▶ _What to work on_:
Which lines run from the line with "实训期间,学院教师及企业导师" to the end of the entries? Write out exactly those, leaving out the pictures.

▶ _Extracted data_:
________________________
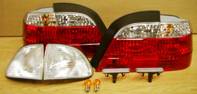 Stylingpaket E38-1 Stylingpaket 7er E38 bis Bj. 8/98 mit Facelift-Rückleuchten bestehend aus weißen Blinker, weißen Seitenblinker und rot/weißen Rückleuchten in klarglas Optik
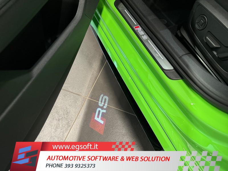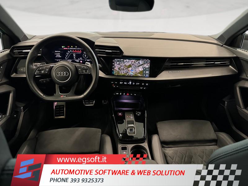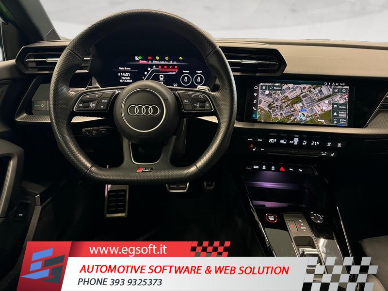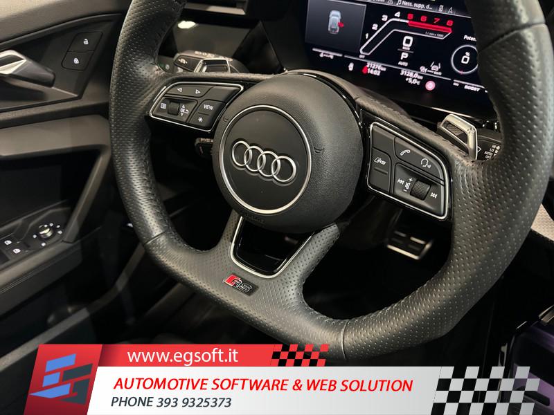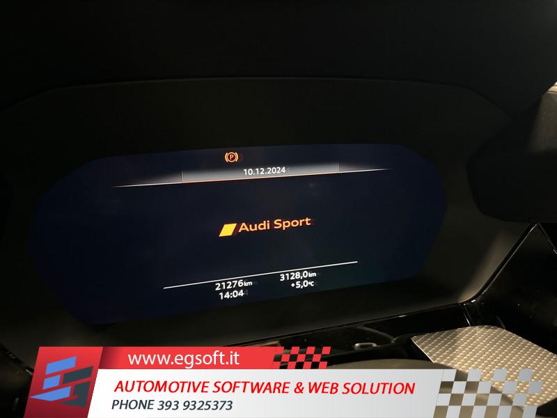 VOLANTE MULTIFUNZIONE PLUS IN PELLE A 3 RAZZE CON BILANCERITERMINALI DI SCARICO CROMATI A SEZIONE OVALE UNO A SINISTRASTERZO PROGRESSIVOSPOILER S LINE POSTERIORE IN COLORE CARROZZERIASPECCHIETTO INTERNO SCHERMABILE AUTOMATICAMENTESENZA CORNICESPECCHIETTI RETROVISORI ESTERNI REGOLABILI RISCALDABILI RIPIEGABILI ELETTRICAMENTE E CON FUNZIONESPECCHIETTI RETROVISORI ESTERNI IN NEROSOSPENSIONI SPORTIVE RSSISTEMA DI NAVIGAZIONE MMI PLUS CON MMI TOUCHSENZA DENOMINAZIONE TECNOLOGIASEDILI ANTERIORI SPORTIVI RS CON POGGIATESTA INTEGRATI E FIANCHETTI DEISEDILI ANTERIORI REGOLABILI ELETTRICAMENTESCHIENALE DEL SEDILE POSTERIORE RIBALTABILERIVESTIMENTO IN MONO.PUR 550/MICROFIBRA DINAMICA CON PUNZONATURA RS E DESIGNRICEZIONE RADIO DIGITALE (DAB)PROIETTORI A LED CON GRUPPI OTTICI POSTERIORI A LEDPREDISPOSIZIONE AD AUDI SMARTPHONE INTERFACE ATTIVABILE TRAMITE FUNCTIONS-ON-DEMANDPOGGIABRACCIA CENTRALE ANTERIORE IN SIMILPELLEPARAURTI CON PRESE D'ARIA LATERALI DAL LOOK RS IN NEROPARABREZZA IN VETRO INSONORIZZANTEPACCHETTO PORTAOGGETTI E VANO BAGAGLIPACCHETTO LUCI D'AMBIENTE CON PROFILI A LEDMODANATURE FINESTRINI IN NERO LUCIDOMMI RADIO PLUSLANE DEPARTURE WARNINGINTERFACCIA BLUETOOTHINSERTO ALLA PLANCIA IN CARBONIO ATLAS PROFILI PLANCIA E CRUSCOTTOI-SIZE PER I SEDILI POSTERIORI LATERALIGRIGLIA SINGLEFRAME CON CORNICE NERA E MOTIVO A NIDO D'APEFRENO DI STAZIONAMENTO ELETTROMECCANICO CON ASSISTENZA ALLA PARTENZAFRENI ANTERIORI E POSTERIORI A DISCO CON PINZE VERNICIATE INELEMENTI IN LOOK ALLUMINIO PER INTERNICLIMATIZZATORE AUTOMATICO BIZONACHIAVE CON TELECOMANDO CON SAFELOCK E AVVIAMENTO KEYLESS-GOCHIAMATA DI EMERGENZA E ASSISTENZA AUDI CONNECT CON AUDI CONNECTCERCHI IN LEGA D'ALLUMINIO A 10 RAZZE A Y GRIGIOBULLONI ANTIFURTOBATTITACCHI ALLE PORTIERE CON INSERTO IN ALLUMINIO CON LOGO RSAUDI VIRTUAL COCKPIT PLUS CON DESIGN RS DA 123"KIT EMERGENZAANTIFURTOAIRBAG CENTRALE (RIEMPIE LO SPAZIO TRA I SEDILI ANTERIORI PERAIRBAG PER LA TESTA (PROTEGGONO I PASSEGGERI ANTERIORI E DEIASSISTENTE AGLI OSTACOLI CON ASSISTENTE ALLA SVOLTA (TURN ASSIST)SENSORE LUCI/PIOGGIASISTEMA DI AUSILIO AL PARCHEGGIO PLUS CON ASSISTENTE AL PARCHEGGIOAUDI DRIVE SELECT PER ASSETTO DI SERIEIMPIANTO AUDIO CON 10 ALTOPARLANTISUPPORTO LOMBARECIELO VETTURA IN TESSUTO NERO3 POGGIATESTA POSTERIORI REGOLABILI MANUALMENTEAIRBAG ANTERIORI LATERALI INTEGRATI NELLO SCHIENALEAUDI PRE SENSE FRONTINDICATORE PERDITA PRESSIONE PNEUMATICIKIT PRIMO SOCCORSO E TRIANGOLO DI EMERGENZA CON DUE GIUBBOTTINISICURA PER BAMBINI AD AZIONAMENTO ELETTRICOSTART&STOP SYSTEM PER IL RECUPERO DI ENERGIAAIRBAG DISINSERIBILEKIT RIPARAZIONE PNEUMATICI CON COMPRESSORE 12VVELOCITÀ MASSIMA 80 KM/HREGOLATORE DI VELOCITÀ - CRUISE CONTROL
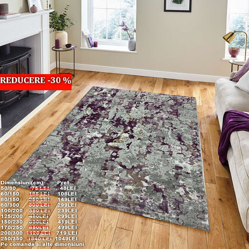 Covor cu Insertii Moderne tip Picasso,Mov-Gri
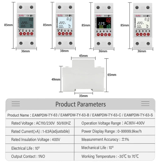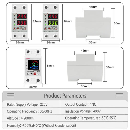 AC 40A 63A 230V Din Rail Adjustable Over Voltage Under Voltage Protective Device Protector Relay Over Current Protection Limit
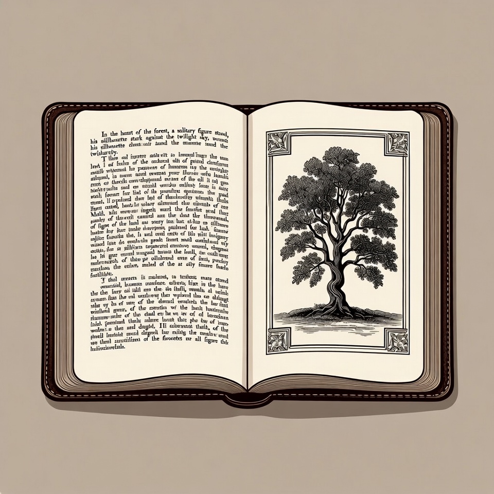 antique book, book page, clipart, foliage, illustration, isolated background, line drawing, literature, nature art, oak tree, ornate frame, reading, roots, tree illustration, trunk, vintage illustration, open book
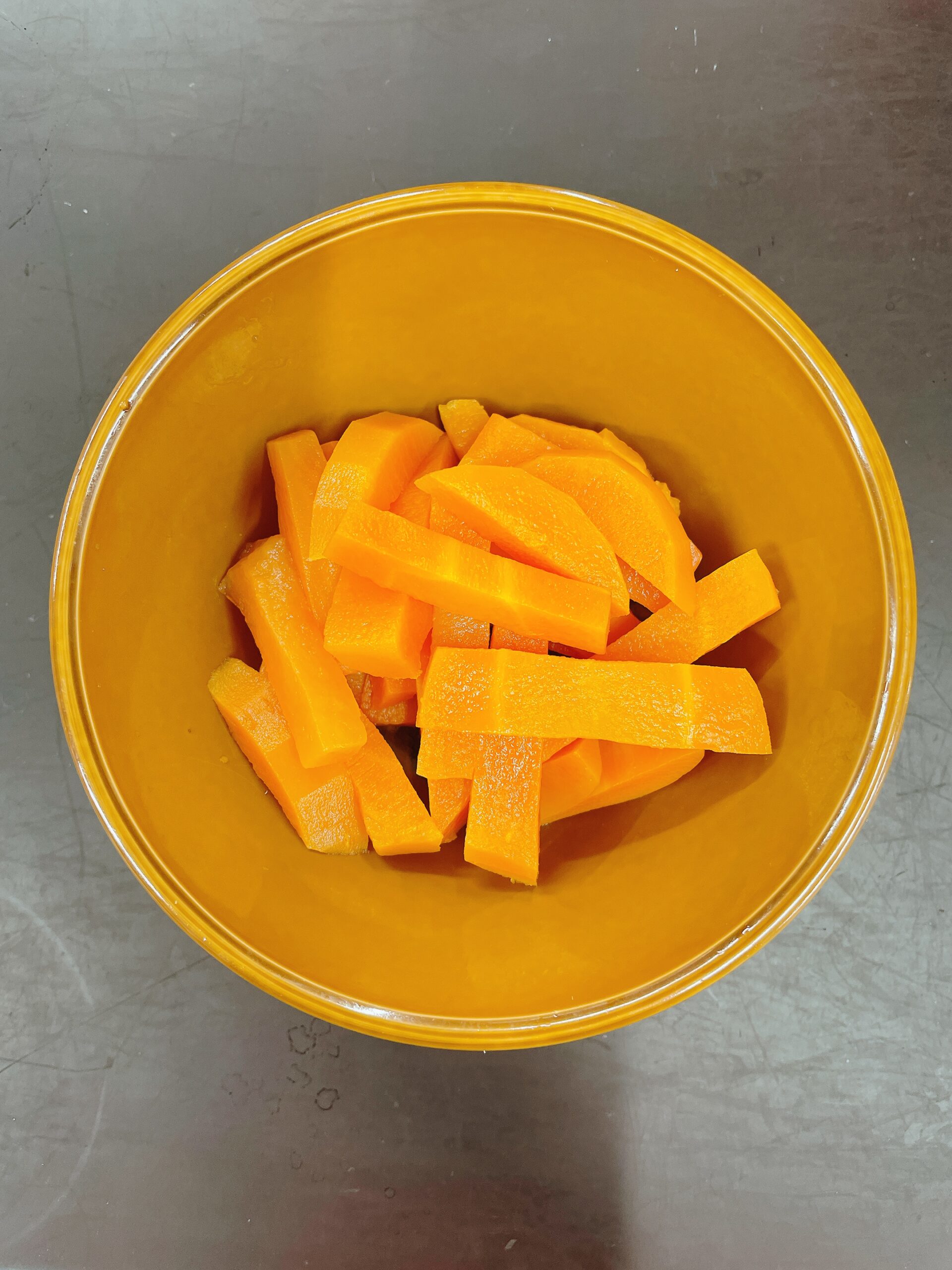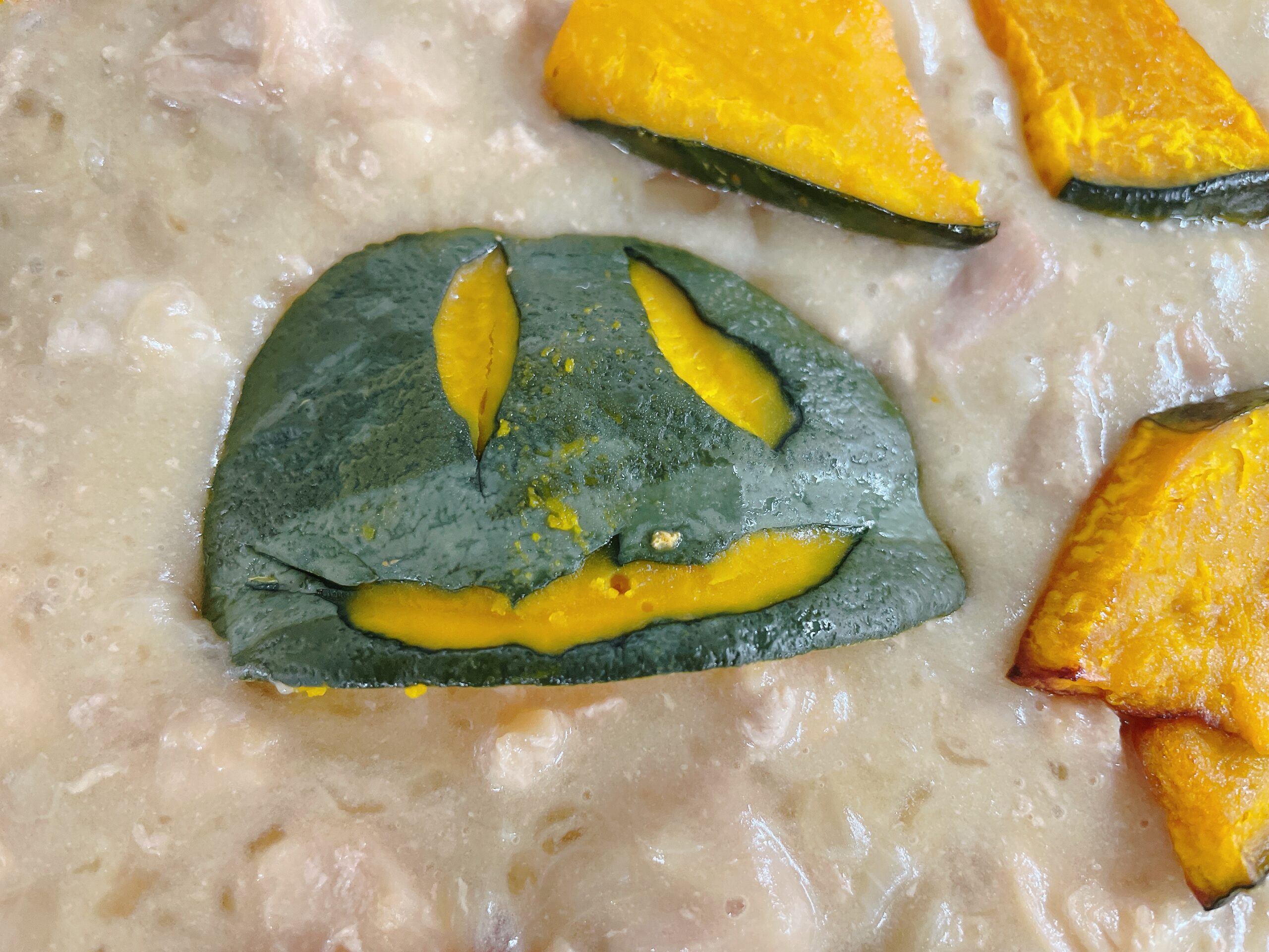 玉ねぎをしっかり炒めて甘みを引き出し、鶏肉を加えてさらに炒めたあと、豆乳とかぼちゃを入れて弱火で煮込むことで、クリーミーかつ優しい味わいに仕上げました。かぼちゃの自然な甘みが子どもにも大好評!「かぼちゃがとろける!」と笑顔で食べてくれました。
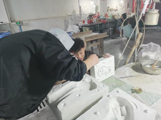 实训期间,学院教师及企业导师共同为学生教授模型翻制和注浆工艺。从模种制作、石膏翻模、注浆到最后成品烧出,每一步都至关重要,稍有失误就会导致作品瑕疵。在学习的过程中,不仅让学生掌握到扎实的工艺技法,同时也让学生认识到模型制作在产品设计中的重要地位。
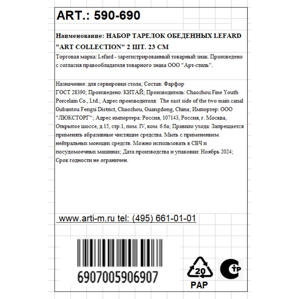 Вы можете приобрести «Набор тарелок обеденный, фарфор, 2 шт, 23 см, круглый, Art Collection, Lefard, 590-690» и другие товары в нашем интернет-магазине в Таганроге по низким ценам и с бесплатным самовывозом.
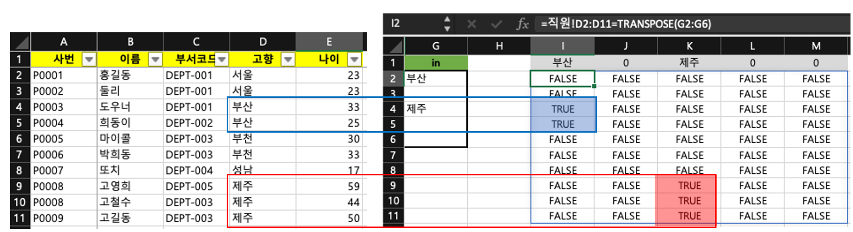 IN 검색범위의 시트범위를 TRANSPOSE 하면 세로 표현이 가로로 변경되고, 이때 검색조건을 넣게 되면 이에 따른 검색결과가 array 로 리턴된다. 즉, 동일한 열에 대한 일치데이터는 TRUE 값이 매칭되는데, 이 행에 대한 index 정보를 추출후 그값을 가져오는 방식이다.
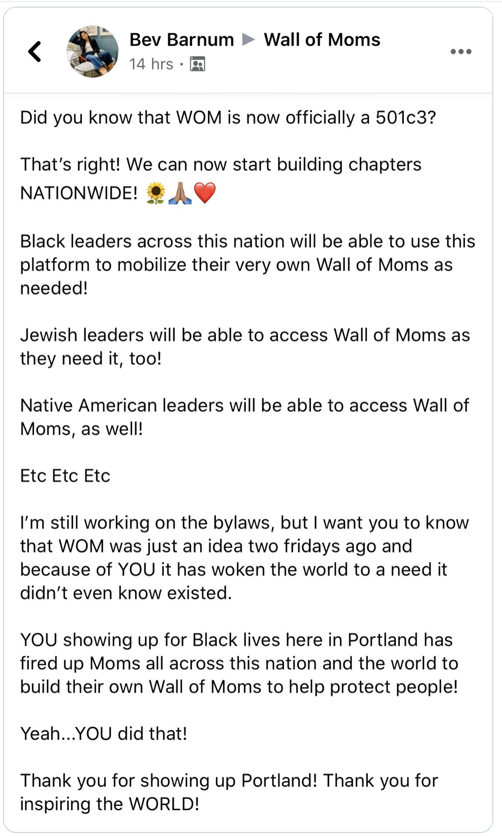 This is big bowl of bullshit. Bev Barnum burned that group down for her own benefit. I watched it all happen in real time as she apologized profusely to Black leadership she proclaimed to have turned the group over to, only to then quickly derail their leadership by deleting them from the group as admin and posting her 501c3 rhetoric.
________________________
▶ _Worked solution_:
 实训期间,学院教师及企业导师共同为学生教授模型翻制和注浆工艺。从模种制作、石膏翻模、注浆到最后成品烧出,每一步都至关重要,稍有失误就会导致作品瑕疵。在学习的过程中,不仅让学生掌握到扎实的工艺技法,同时也让学生认识到模型制作在产品设计中的重要地位。
 Вы можете приобрести «Набор тарелок обеденный, фарфор, 2 шт, 23 см, круглый, Art Collection, Lefard, 590-690» и другие товары в нашем интернет-магазине в Таганроге по низким ценам и с бесплатным самовывозом.
 IN 검색범위의 시트범위를 TRANSPOSE 하면 세로 표현이 가로로 변경되고, 이때 검색조건을 넣게 되면 이에 따른 검색결과가 array 로 리턴된다. 즉, 동일한 열에 대한 일치데이터는 TRUE 값이 매칭되는데, 이 행에 대한 index 정보를 추출후 그값을 가져오는 방식이다.
 This is big bowl of bullshit. Bev Barnum burned that group down for her own benefit. I watched it all happen in real time as she apologized profusely to Black leadership she proclaimed to have turned the group over to, only to then quickly derail their leadership by deleting them from the group as admin and posting her 501c3 rhetoric.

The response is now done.